What is fascinating about this article, which began with a discussion of Sarah Palin, is that it was published in March of this year, and not before the US election. It’s even more puzzling when you get to read such gems as “The U.S. voter from the Midwest or Deep South must realize his or her decision has global implications and act accordingly.” Which evidently applies only to regions of the US where Republicans happen to be popular. Only they must be reminded of American obligations on the world stage; I wonder why.
That’s perhaps what annoyed me most about the last US election — this idea that there is a date with history that must not be missed. I might despise Republicans, but one should have had the option of voting for them without being labeled an idiot, or worse, a racist. Apparently it’s fine for a black Obama supporter to say that blacks must rally around him; I wonder if “Whites! Vote McCain!” would have gone over just as well. Ultimately, it’s just the usual pressure that takes away from the democratic nature of the exercise. If you want to vote Republican, you should have the right to do so without having to wear a brown paper bag (and please, no “don’t you usually wear those pointy white hoods anyway?”).
about 11 months ago
@JuJitSu
I’m reading under the “Vote by Education and Race” category, I think. Besides, in either category, it’s remarkable just how much of a deparity of votes there is between black and white.
But I didn’t make the time to discuss why the 2008 exit poll is not nearly as significant as the 2004 exit poll. (For that matter, I don’t have time to bicker over the significance of exit poll numbers with you, at all.)
The thing is, the 2008 election was an interesting one because here we had Bush Jr. stepping down, so there was no security in the current incumbant, and the Republican party in general was thice damned (and still is) for just how badly they botched the economy.

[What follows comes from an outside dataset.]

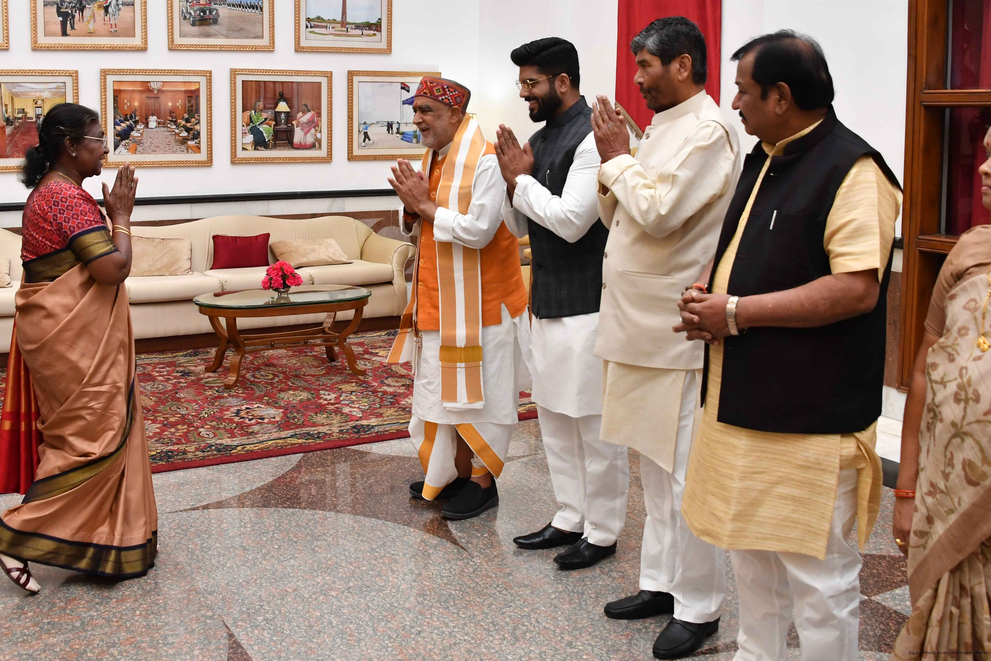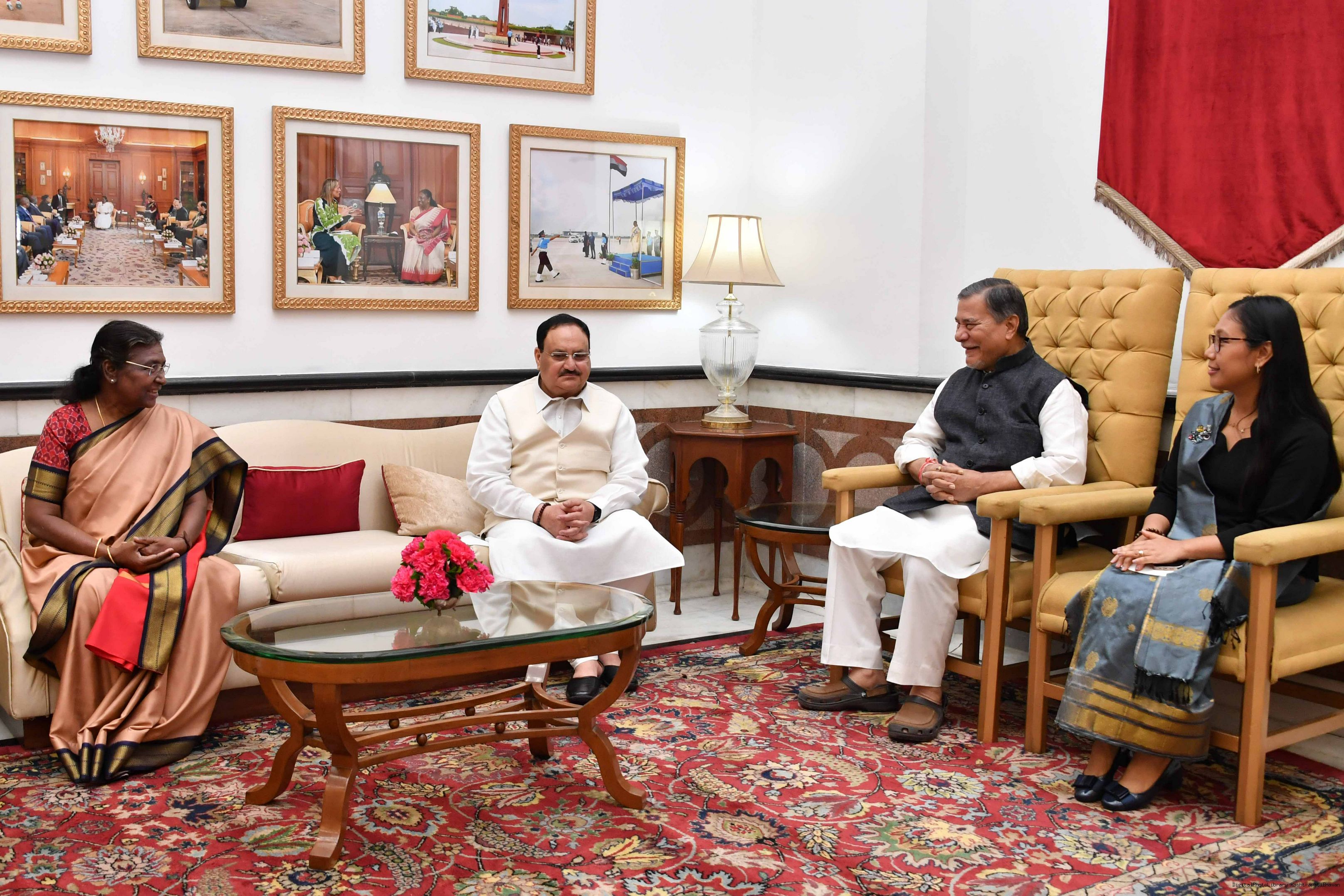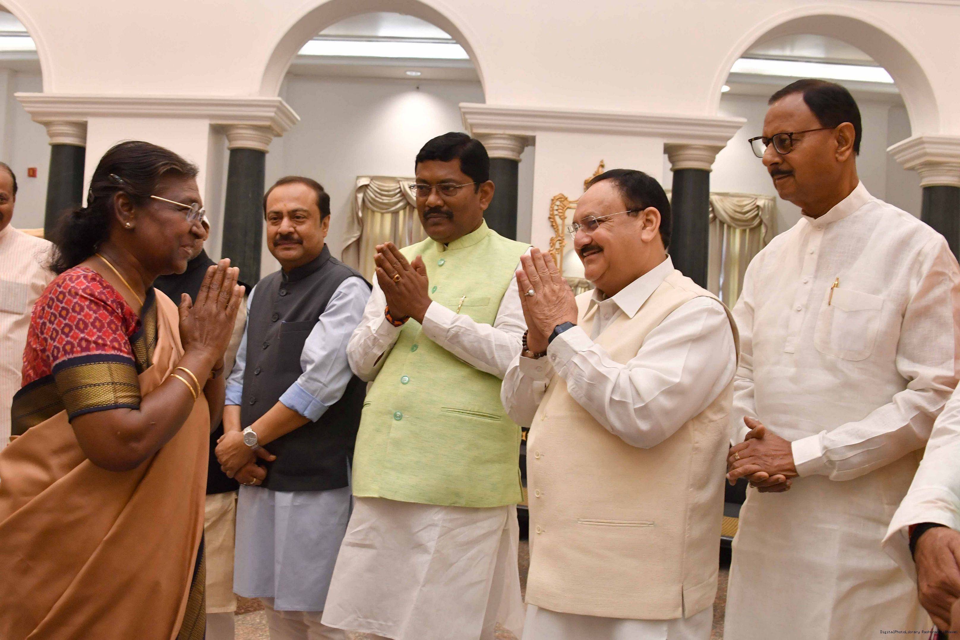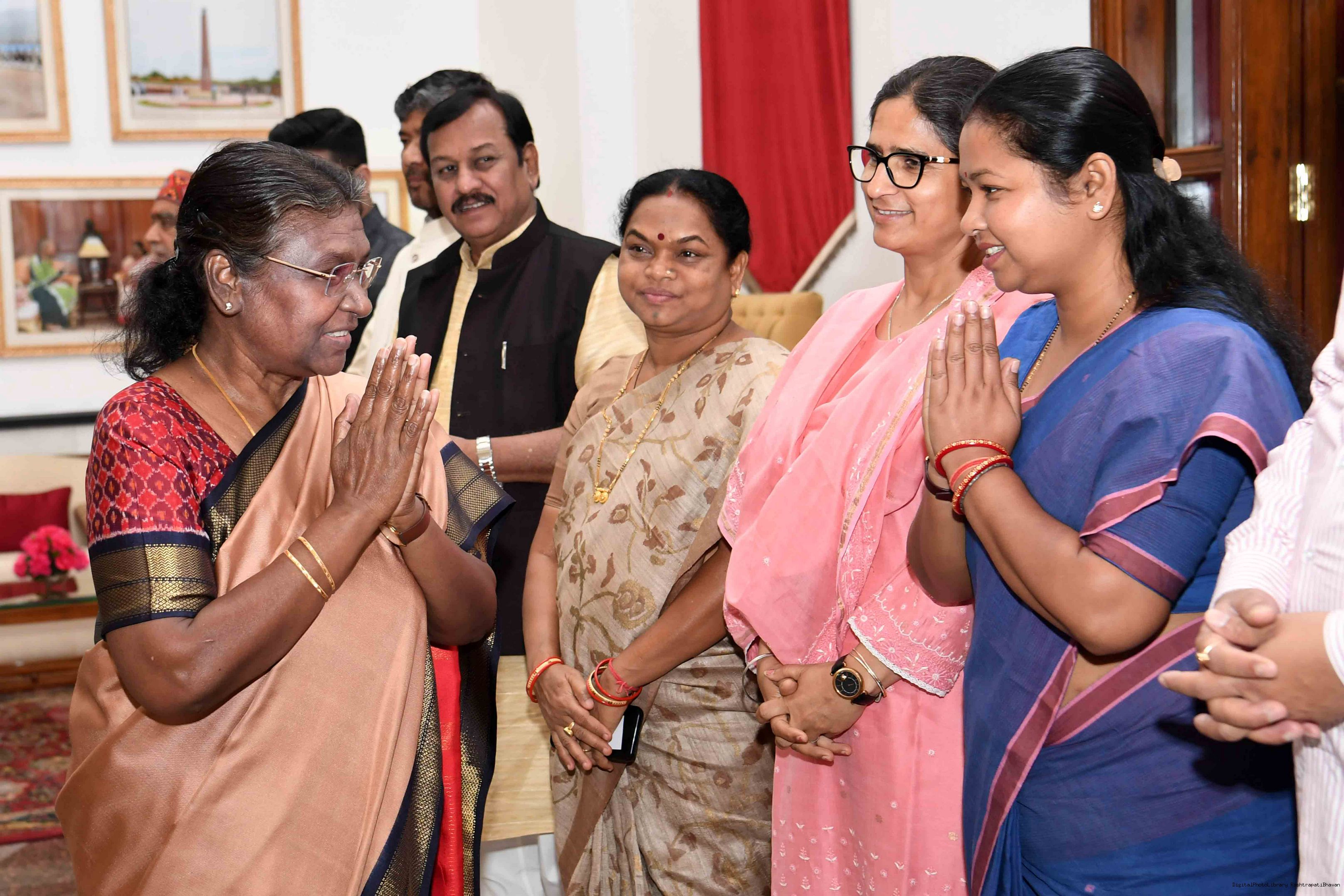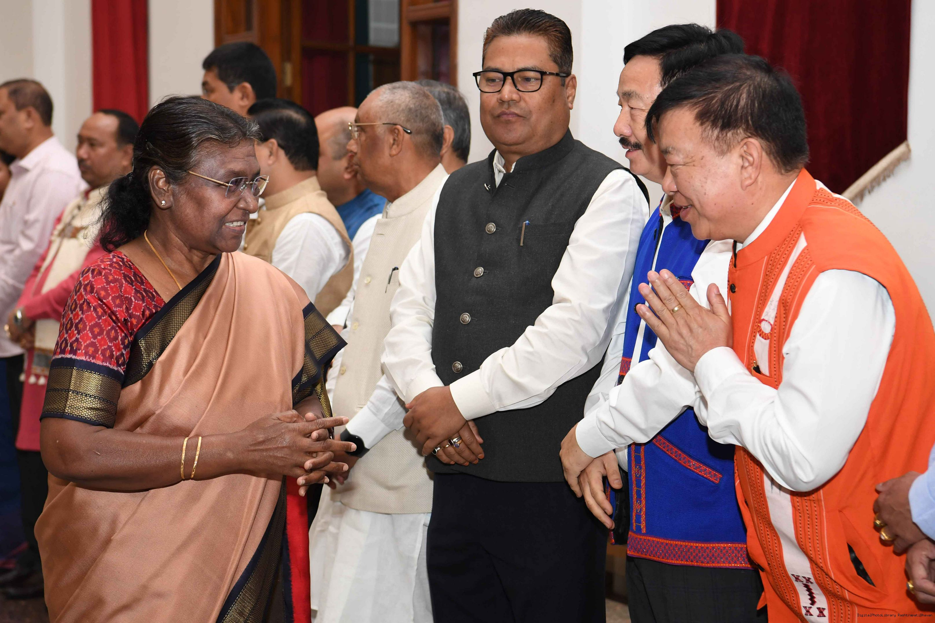 | Caption: | The President of India Smt. Droupadi Murmu breakfast meeting with the Members of Parliament (LS RS) at Rashtrapati Bhavan on April 03, 2023. |

The 2004 election is interesting because anyone who was paying attention could very much see that things were spiraling down the drain, but the vote was still just barely in favor of the incumbent.
The differences between the 2004 and 2008 numbers are probably a good measure of who was slow on the uptake.
about 11 months ago
@Geldonyetich
Part of the difference between 2004 and 2008 is also down to the quality of the Democrat candidate. You maight have doubts about substance, but Barack Obama undeniably gives a good speech and can inspire devotion. John Kerry lacked both the folksiness of George W Bush and the charisma of Barack Obama, and couldn’t even substitute for them with an impressive towering intellect like the (fictional) Jed Bartlet (of the West Wing). It was a struggle to see any reason to vote FOR Kerry beyond voting AGAINST Bush. Obama, on the other hand, stands up pretty well on his own merits.
about 11 months ago
Does little to dissuade the underlying belief that people vote overmuch with their gut, that.
about 11 months ago
Not that I agree with it, but I just wanted to say that I appreciate your rants Vetarnias. In an era of tl;dr, it is nice to find something that was too long but worth the read.
about 11 months ago
Maybe this would help ASL’s release schedule.